Nakacinda before the courts charged for speaking the truth
By Thandiwe Ketiš Ngoma
HONOURABLE Raphael Mangani Nakacinda was once again before the Lusaka Magistrates’ Court this week, answering to a charge rooted in a video he released at the height of Zambia’s aflatoxin scare in 2024.
Let me remind you how it all began. Back in the middle of 2024, the country woke up to a disturbing veterinary and public health crisis. Over 400 domestic dogs reportedly died in suspicious circumstances. The issue was first reported by Diamond TV, and panic began to ripple through the nation.
On 21 August 2024, Nakacinda stepped forward. In a widely circulated broadcast, he alleged that mealie-meal contaminated with aflatoxins was finding its way into circulation. He accused the government of negligence at best, and at worst, presiding over a system that was poisoning its own citizens.
Aflatoxins are toxic compounds produced by certain fungi that contaminate maize and other crops. They are linked to liver failure, immune suppression, and long-term cancer risks in both animals and human beings. This was a real health catastrophe on the hands of the State.
And shortly after Honourable Nakacinda’s public alarm, senior government officials, including Ministry of Information Permanent Secretary Thabo Kawana, as well as Minister of Health Elijah Muchima, confirmed elevated levels of aflatoxins in certain batches of mealie-meal and stock feed. Public recalls were announced. Thousands of contaminated bags were destroyed, and the Zambia National Broadcasting Corporation (ZNBC) ran the news item at prime time.
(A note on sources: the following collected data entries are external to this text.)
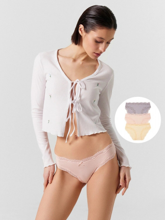 Набор женских трусиков-слипов средней посадки с кружевными вставками станут идеальным выбором для вашего гардероба. Модели выполнены из натурального приятного к телу хлопка с небольшим содержанием эластичных волокон. Такое сочетание материалов обеспечивает комфортную посадку на фигуре и свободу движений. Кружевные вставки добавляют изящности и женственности, делая эти трусики не только удобными, но и стильными. Этот набор станет отличным дополнением коллекции нижнего белья, даря вам комфорт и уверенность каждый день.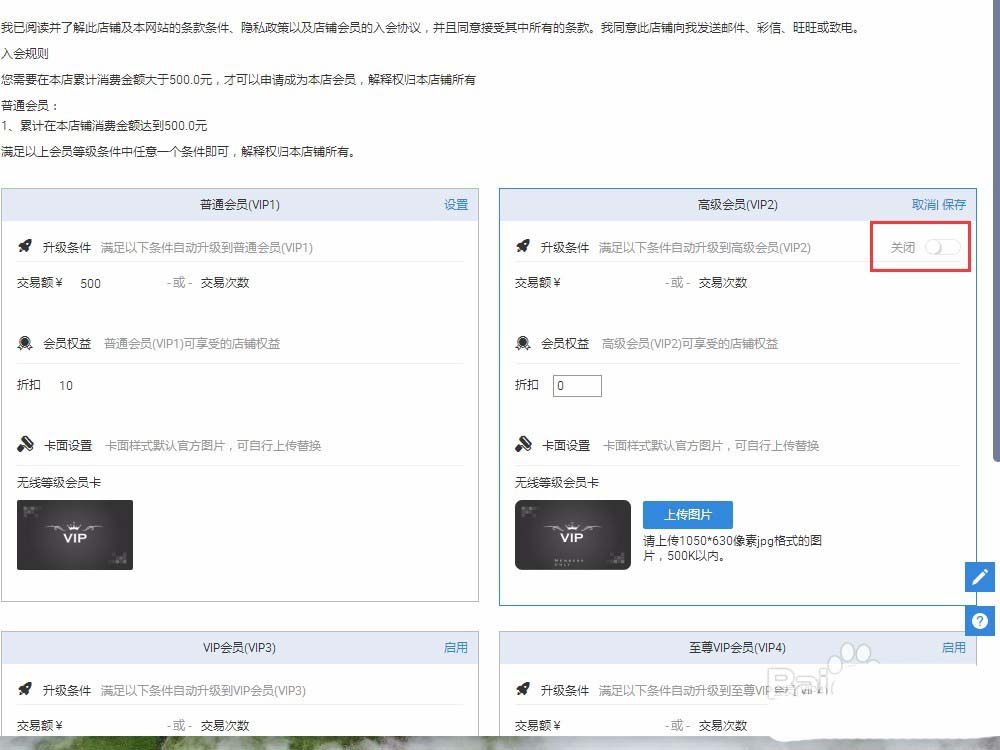 9、高級會員、VIP會員、至尊VIP會員的升級條件是默認關閉的,點擊右側【關閉】選項就啟用了。
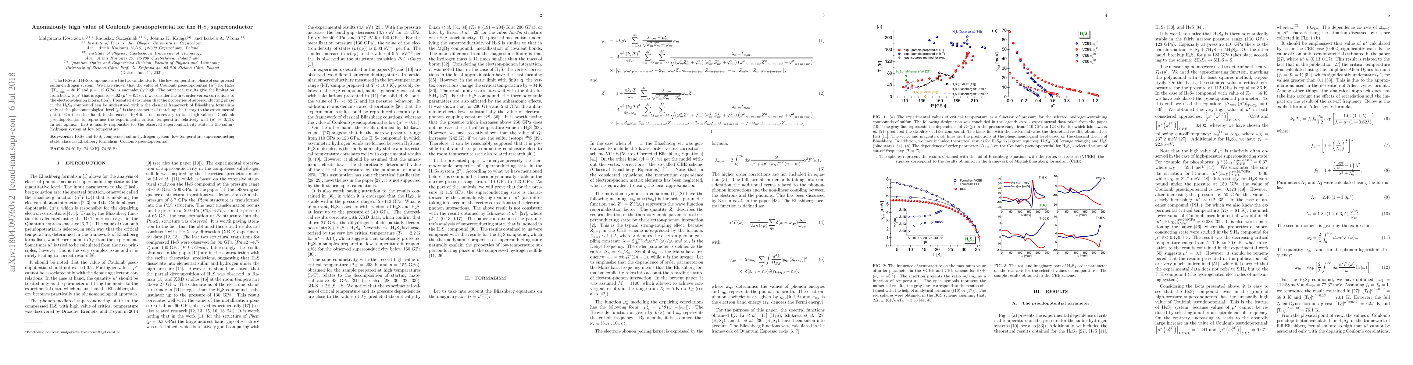 The ${\rm H_{5}S_{2}}$ and ${\rm H_{2}S}$ compounds are the two candidates for the low-temperature phase of compressed sulfur-hydrogen system. We have shown that the value of Coulomb pseudopotential ($\mu^{\star}$) for ${\rm H_{5}S_{2}}$ ($\left[T_{C}\right]_{\rm exp}=36$~K and $p=112$~GPa) is anomalously high. The numerical results give the limitation from below to $\mu^{\star}$ that is equal to $0.402$ ($\mu^{\star}=0.589$, if we consider the first order vertex corrections to the electron-phonon interaction). Presented data mean that the properties of superconducting phase in the ${\rm H_{5}S_{2}}$ compound can be understood within the classical framework of Eliashberg formalism only at the phenomenological level ($\mu^{\star}$ is the parameter of matching the theory to the experimental data). On the other hand, in the case of ${\rm H_{2}S}$ it is not necessary to take high value of Coulomb pseudopotential to reproduce the experimental critical temperature relatively well ($\mu^{\star}=0.15$). In our opinion, ${\rm H_{2}S}$ is mainly responsible for the observed superconductivity state in the sulfur-hydrogen system at low temperature.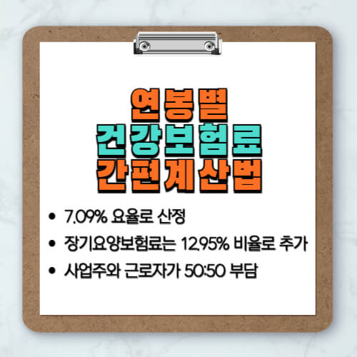 - 월급여 × 7.09% ÷ 2 = 근로자가 부담하는 건강보험료

In other words, the danger was real. But instead of this becoming a moment of national accountability and reform in food safety oversight, the focus shifted to the man who raised the alarm. Nakacinda was arrested and charged under Section 60 of the Penal Code for Seditious Practices, a relic from 1931. The argument from the prosecution is that by publicly accusing the government during a period of drought and food insecurity, he sought to bring the government into hatred or contempt and to raise disaffection.
During the court session this week, the court heard from the Digital forensics officers who extracted and preserved the video in which Nakachinda spoke as evidence of sedition. Observers across the legal and civic space insist that this is a mere abuse of the courts. The justice system should be left to dispense justice instead of being used to settle political scores.
Pause and reflect. When a citizen warns that contaminated food is circulating and laboratory results later confirm contamination, and government officials also confirm this on national television, what exactly is the crime? Is it the contamination, or the warning?
Observers see this not as an isolated prosecution but as part of a pattern. Nakacinda is currently serving an 18-month jail sentence for defamation of the President, under a provision that has since been repealed. He has faced multiple arrests in relation to political speech. Others in the opposition have faced similar brushes with sedition related charges.
The deeper constitutional question lingers in the background. In 2014, the High Court struck down the offence of publication of false news as unconstitutional because it offended freedom of expression. Legal scholars now quietly debate whether the continued reliance on a colonial-era sedition provision serves as a workaround to that earlier constitutional protection.
We must be careful here. Governments have a duty to maintain order. False alarms can cause panic. Reckless speech can inflame tensions. That is true.
But accountability cuts both ways. If there was contamination, if recalls were made, if products were destroyed, then the matter cannot be reduced to mere political agitation. It becomes a question of oversight, of regulation, of competence, of transparency.
A democracy matures when it can withstand scrutiny without resorting to handcuffs. What is before the court now is not merely a video clip. It is the tension between state authority and civic warning. Between power and speech. Between a government that insists on looking good even when things are bad, and an opposition that insists on treating the political, health, and economic sickness in the nation.
History has a long memory. As far as this matter is concerned, we know that Nakacinda was speaking for all the people who eat nshima in Zambia — including the judges, the prosecutor, the police officers, the citizens of this country, and even their dogs. Yet the system is using this opportunity to silence a voice that speaks for them.